L’âme devient incapable de se fondre dan ce qui est au dela d’elle, de reconnaitre ces clefs qui la lient a l’ensemble. Par exemple, chez les runas, il existe une croyance comme quoi les jeunes pères, durant tout le temps ou leur femme est enceinte, deviennent Soul Blind. Leur sperme a servit a concevoir la vie , et leur connection au monde s’est introduite dans le foetus; ils ne sont plus capable de l’utiliser, et c’est les autres qui leur fournissent ce dont ils sont besoin. Ou lorsqu’on est soudain angoissé, que nos pensées et notre raisonnement se détache soudain de tous les autres, qu’on perd pied, que notre esprit s’emballe comme un cheval fou , qu’on a l’impression , soudain, d’être passé de l’autre côté du miroir et de perdre le sens des mots. « Avalanche. Avalanche. A-va-lanche ». Soudain , ces quelques lettres ont perdu leur connection avec ce qu’elles représentent et les concepts qui lui sont liés. Cette mémoire en arborescence, cette pensée qui lie les notions les unes avec les autres a perdu le fil , et tombe, et se brise.

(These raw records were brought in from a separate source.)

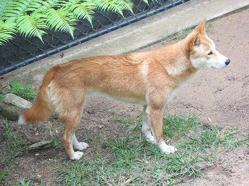 | Dingo Đông Dương thường có 2 màu lông vàng và đen. |
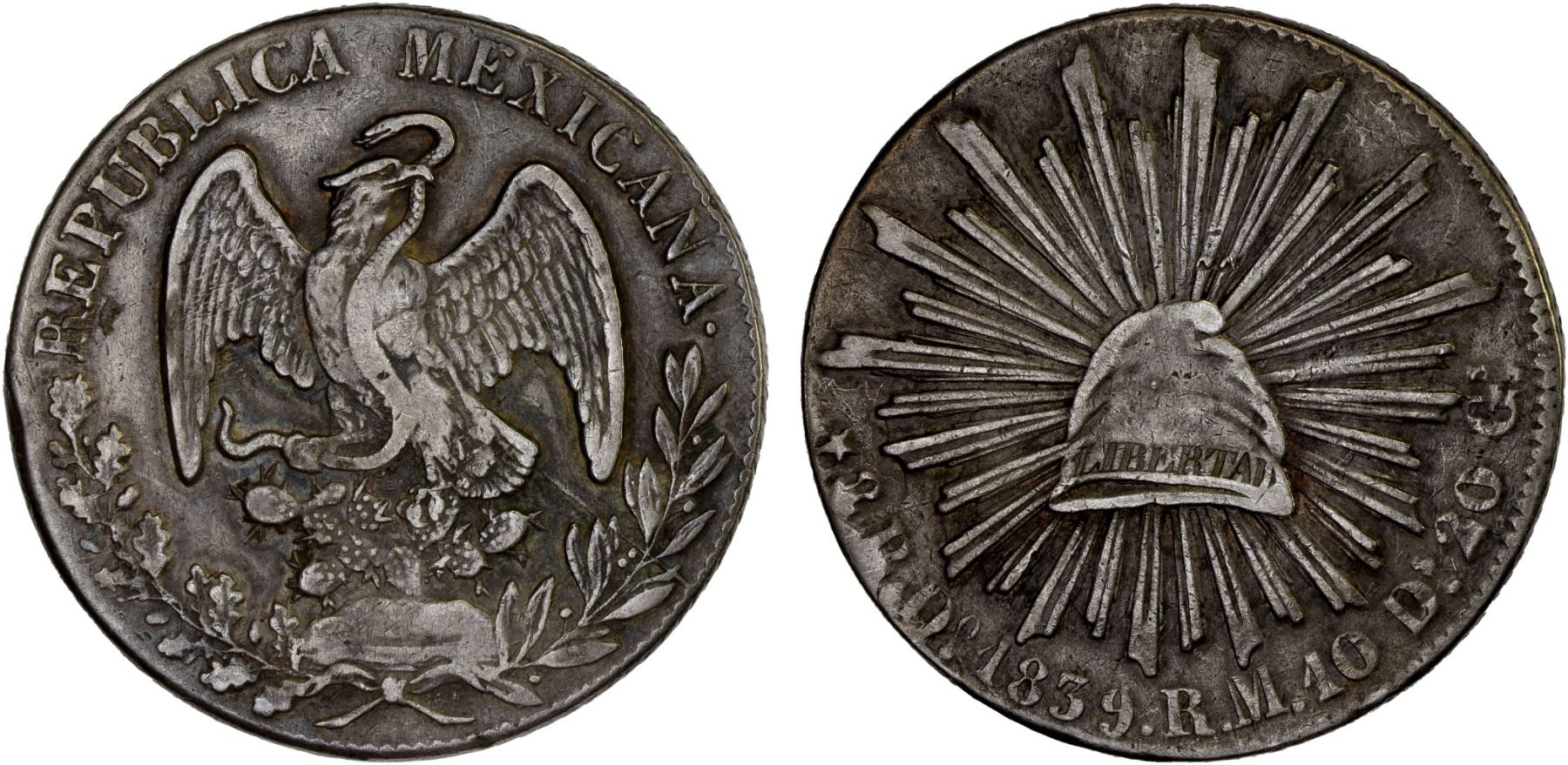 MEXICO: Republic, AR 8 reales (26.57g), 1839/1-Do, KM-377.4, D&P-Do16, assayer RM, long-crested raptor, toned, scarce variety, VF, ex Bob "Swamperbob" Gurney Collection.
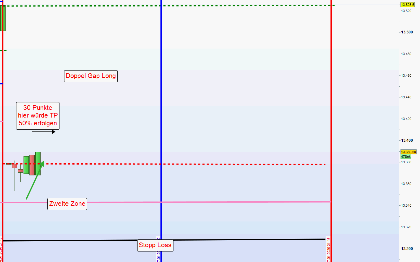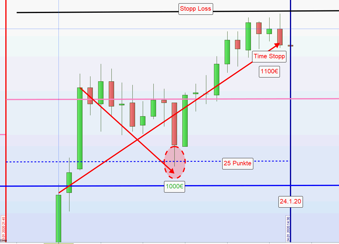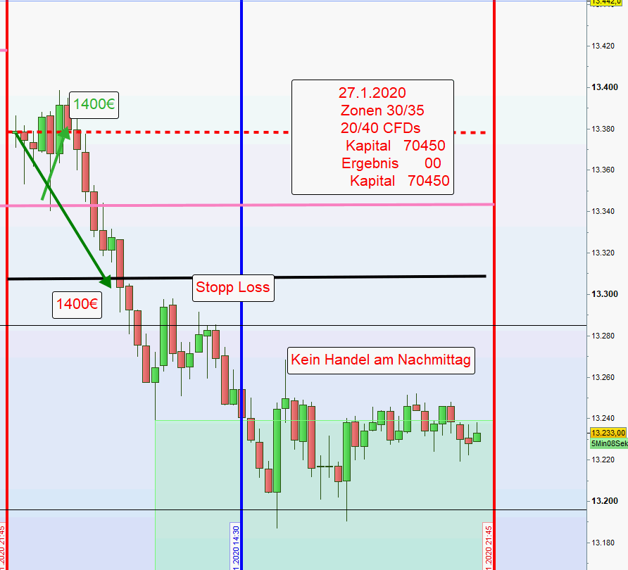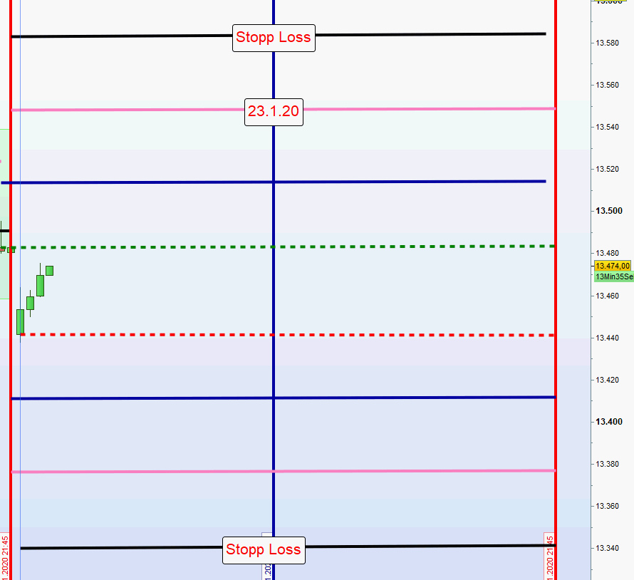 Sofern morgens beide Positionen aus der ersten und zweiten Zone mit hohem Verlust ausgestoppt wurden so wird auf dieser Seite des Charts nachmittags nur dann gehandelt, wenn nach Austoppung der Kurs vor neuer Positionseröffnung wieder in die zweite Zone gehandelt wurde. Der Grund für diese Sicherheitsmaßnahme ist, dass sehr oft nach Ausstoppung der Kurs die initiale Richtung fortsetzt und dann ein Trendtag vorliegt. -
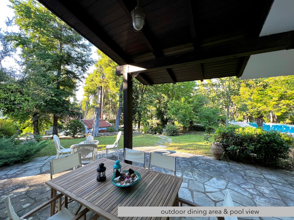 Sani is a bustling seaside village known for its summer art festival, with folk and pop music concerts around a nearby hill, topped by the 16th century Stavronikita Tower. . On the neighboring coast there are several beach resorts, while a short path through the pines leads to a quieter area of sand and shallow water.the house is traditional and located in the forest distance from the beach 700 meters is a place to relax and enjoy nature
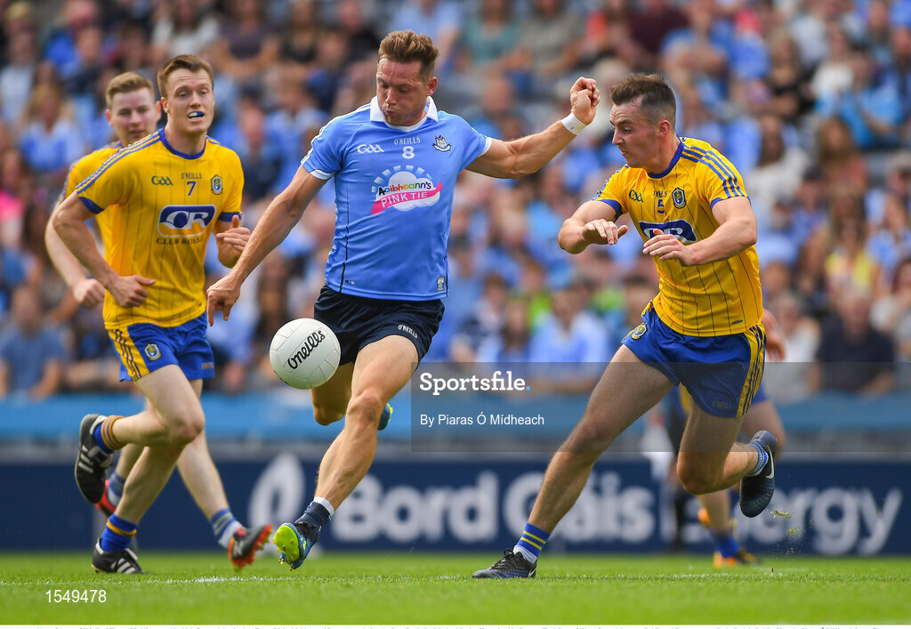 5 August 2018; Paul Flynn of Dublin scores his side's first goal despite the efforts of John McManus of Roscommon during the GAA Football All-Ireland Senior Championship Quarter-Final Group 2 Phase 3 match between Dublin and Roscommon at Croke Park in Dublin. Photo by Piaras Ó Mídheach/Sportsfile

Nous nous brisons en nous mêmes, incapable de nous retrouver a l’extérieur de nous mêmes. Tout comme les aveugles perdent leur connection avec la vue, nous perdons notre connection avec le monde. Nous sommes aveugles au monde, et si nous ne trouvons pas le moyen de renouer les liens par le sens des choses, nous nous effondrons en nous même, comme un trou noir.